An Australian premiere in Fremantle for the 2019 Fremantle Biennale, Studio Roosegaarde presented a large-scale light installation, Waterlicht, illustrating the universal power and poetry of water. Cascading waves of blue light soared in the middle of Esplanade Park, simulating a virtual flood and calling attention to rising water levels along Fremantle’s shoreline. The work embraced the unique physical features of the site while acknowledging its past. A soundscape accompanied the work, including local stories about Fremantle’s waterfront with contributions from traditional custodians, prominent civic figures, historians, artists and community members.
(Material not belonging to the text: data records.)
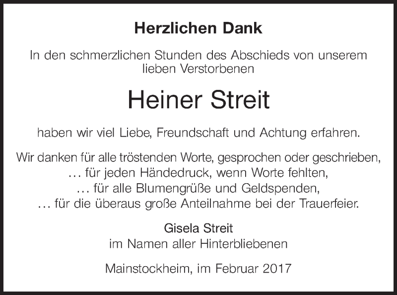 Hier finden Sie alle Traueranzeigen aus der Zeitung, die bisher für Heiner Streit erschienen sind. Weitere Traueranzeigen, die in der Zeitung erscheinen, werden hier ebenfalls aufgelistet
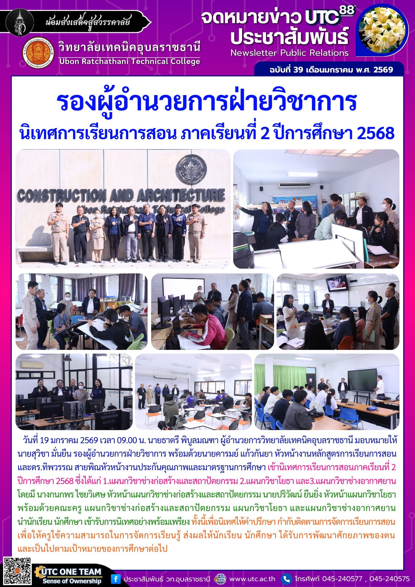 วันที่ 19 มกราคม 2569 เวลา 09.00 น. นายธาตรี พิบูลมณฑา ผู้อำนวยการวิทยาลัยเทคนิคอุบลราชธานี มอบหมายให้ นายสุวิชา มั่นยืน รองผู้อำนวยการฝ่ายวิชาการ พร้อมด้วยนายคารมย์ แก้วกันยา หัวหน้างานหลักสูตรการเรียนการสอน และดร.ทิพวรรณ สายพิณหัวหน้างานประกันคุณภาพและมาตรฐานการศึกษา เข้านิเทศการเรียนการสอนภาคเรียนที่ 2 ปีการศึกษา 2568 ซึ่งได้แก่ 1.แผนกวิชาช่างก่อสร้างและสถาปัตยกรรม 2.แผนกวิชาโยธา และ3.แผนกวิชาช่างอากาศยาน โดยมี นางกนกพร ไชยวิเศษ หัวหน้าแผนกวิชาช่างก่อสร้างและสถาปัตยกรรม นายปริวัฒน์ ยืนยิ่ง หัวหน้าแผนกวิชาโยธา พร้อมด้วยคณะครู แผนกวิชาช่างก่อสร้างและสถาปัตยกรรม แผนกวิชาโยธา และแผนกวิชาช่างอากาศยาน นำนักเรียน นักศึกษา เข้ารับการนิเทศอย่างพร้อมเพรียง ทั้งนี้เพื่อนิเทศให้คำปรึกษา กำกับติดตามการจัดการเรียนการสอน เพื่อให้ครูใช้ความสามารถในการจัดการเรียนรู้ ส่งผลให้นักเรียน นักศึกษา ได้รับการพัฒนาศักยภาพของตน และเป็นไปตามเป้าหมายของการศึกษาต่อไป
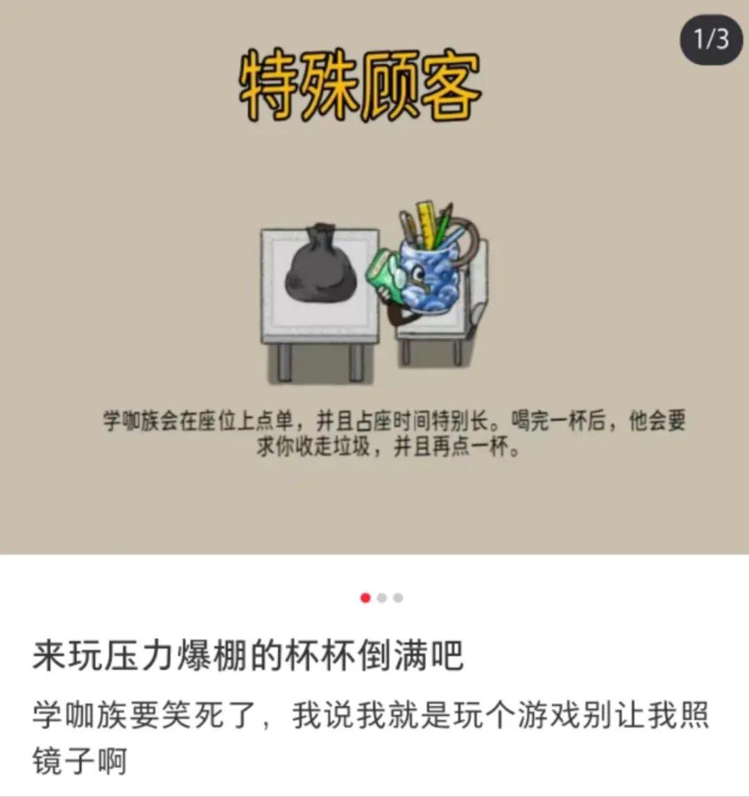所以《杯杯倒滿》並不像它的品類看起來那麼休閒,反而是一款用忙到麻木的迫真“上班”體驗感來營造某些抖M愛好者青睞的爽感,用網友的一句話評價是:“很喜歡這種豬腦過載的感覺”。
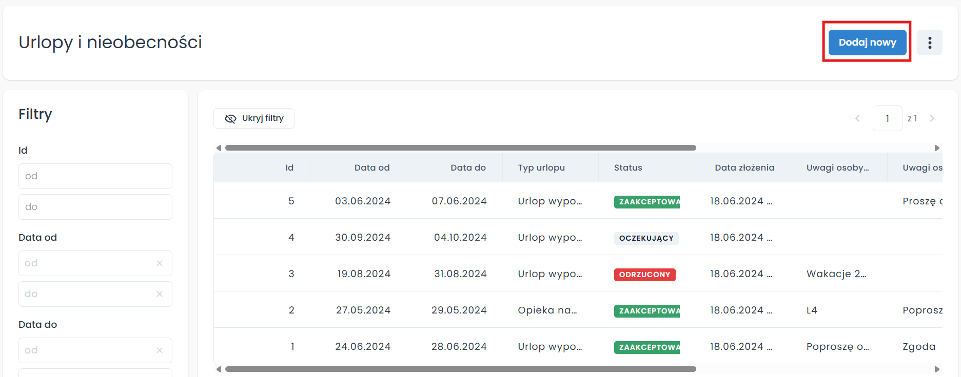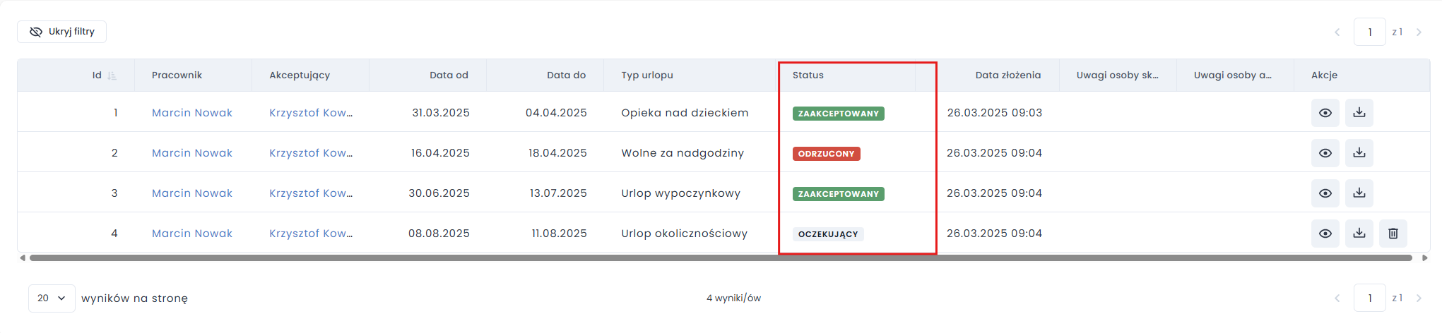 Statusy wniosków można sprawdzić na liście z wnioskami urlopowyumi:
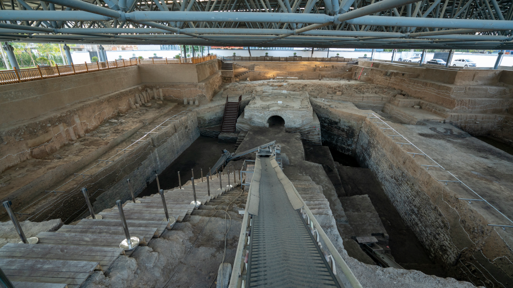 圖為州橋遺址發(fā)掘現場(chǎng)
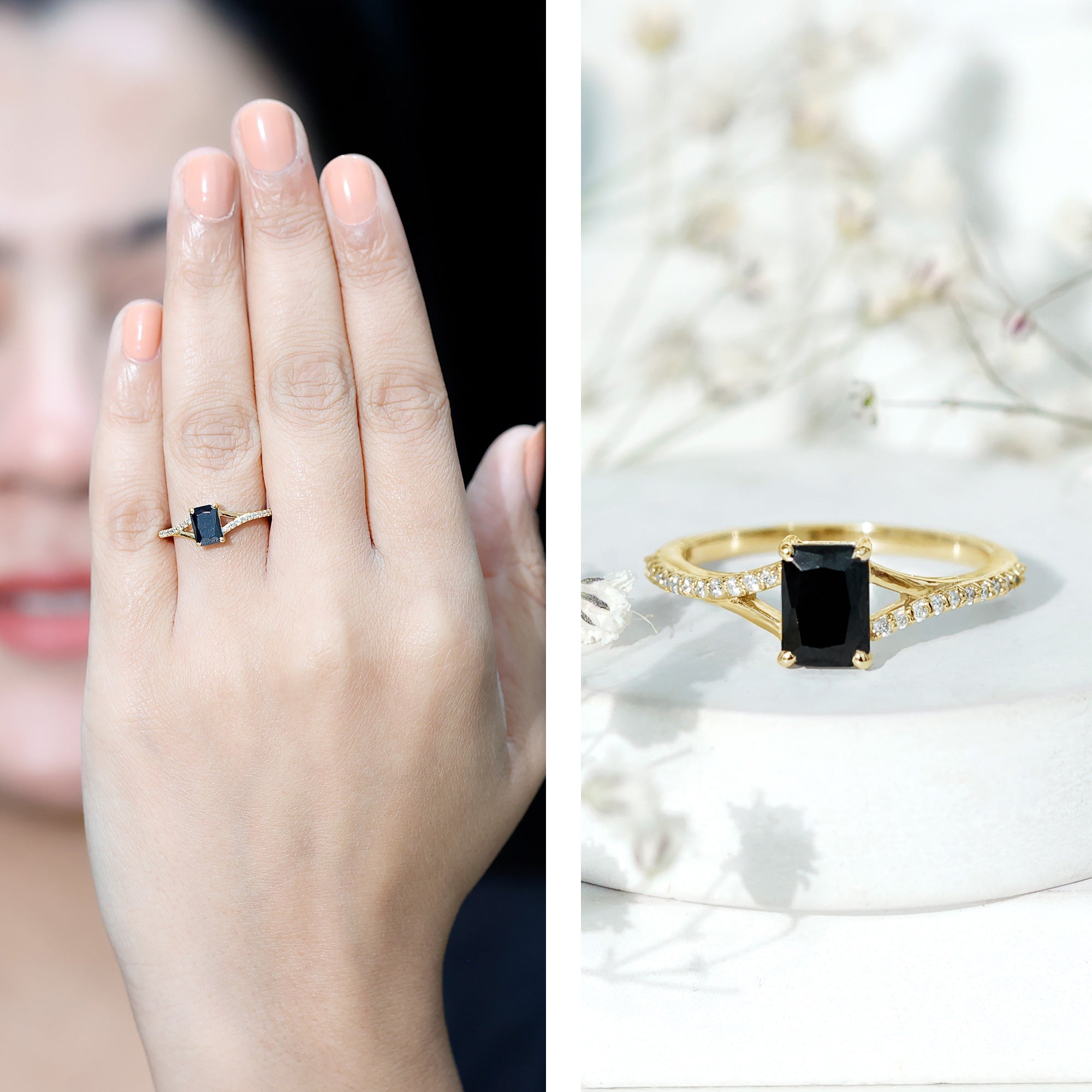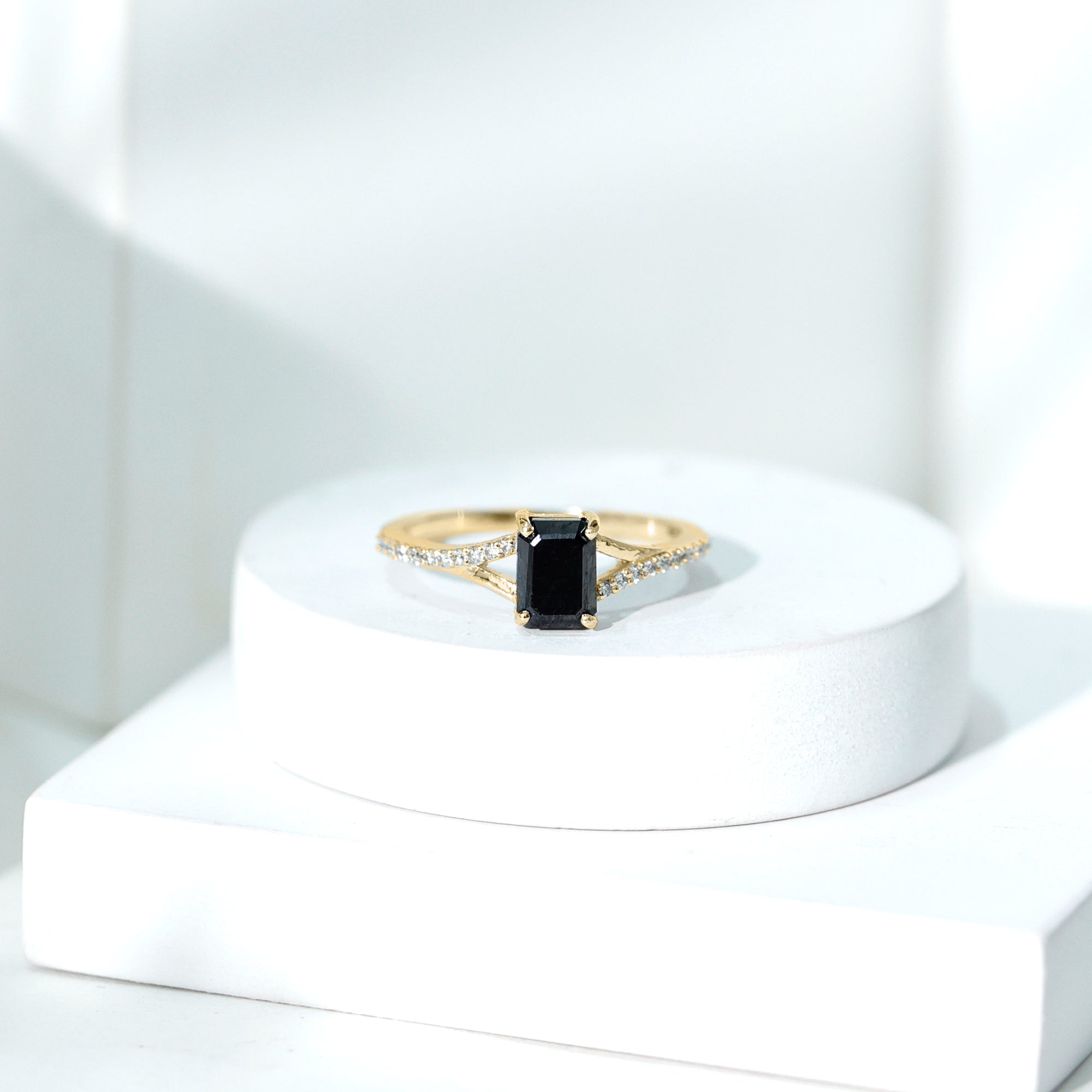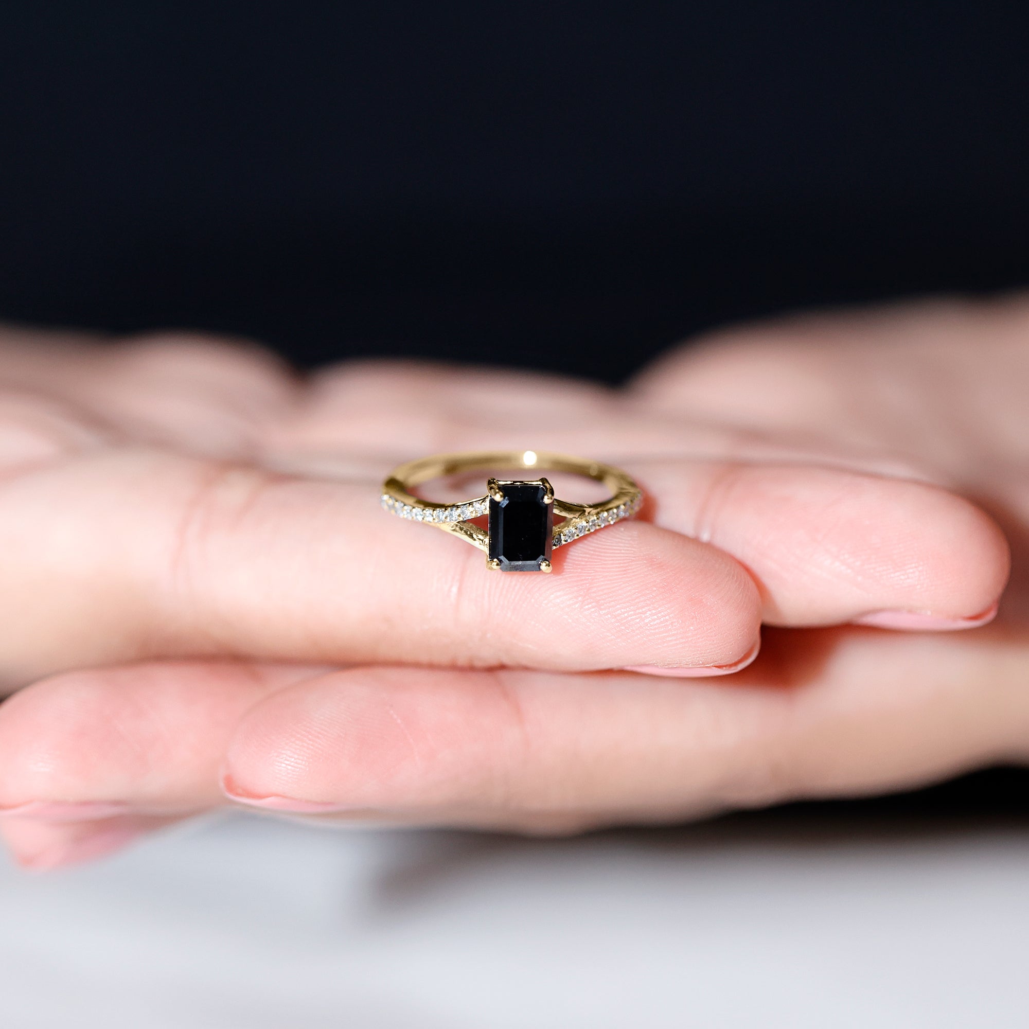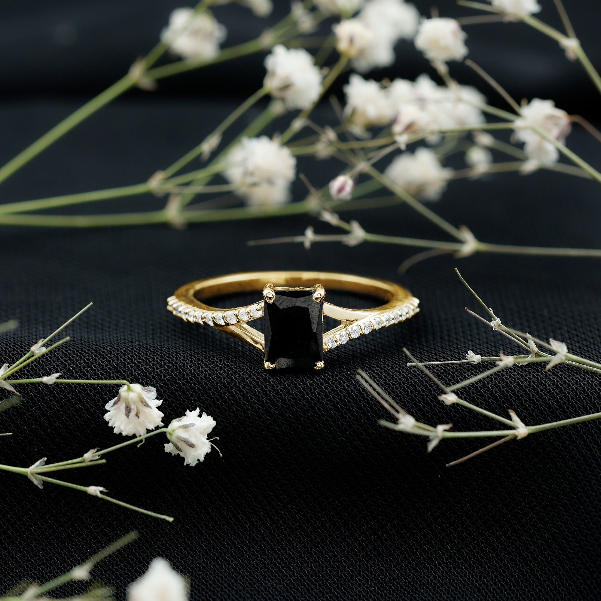 This ring style showcases a shimmering black diamond with dainty round diamonds or moissanites all around the centerpiece. It helps lend more character to the ring, adding an extra layer of sparkle (known as a halo).

These stories live on as an enduring legacy of the work’s appearance in Fremantle, and serve as a stirring call-to-action for a city-wide conversation around clean water initiatives and climate change.
Presented for UNDERCURRENT 2019.
About the
artist
Studio Roosegaarde
Dutch artist and innovator Daan Roosegaarde (b 1979) is a creative thinker and maker of social designs which explore the relation between people, technology and space, and is best known for creating landscapes of the future. He founded Studio Roosegaarde in 2007, where he works with his team of designers and engineers towards a better future. Roosegaarde is a Young Global Leader at the World Economic Forum and was featured by Forbes and Good 100 as a creative change maker. Internationally acclaimed works include ‘Smog Free Project’ (the largest outdoor air purifier which turns smog into jewellery), ‘Smart Highway’ (roads that charge throughout the day and glow at night) and the recent, ‘Space Waste Lab’ (visualising and upcycling waste). Roosegaarde’s mantra ‘Schoonheid’ is a Dutch word which has two meanings: ‘beauty’ and ‘clean’, as in clean air, energy and water. For Roosegaarde this should be a fundamental condition in daily life. Studio Roosegaarde has vast experience in public space commissions for the cities of Rotterdam, Beijing, Paris, Eindhoven and Stockholm. Roosegaarde has exhibited at the Rijksmuseum Amsterdam, Stedelijk Museum Amsterdam, Design Museum in London, Tate Modern, the Mori Art Museum in Tokyo, the Musee des Arts Decoratifs in Paris, Google Zeitgeist, and the Victoria & Albert Museum.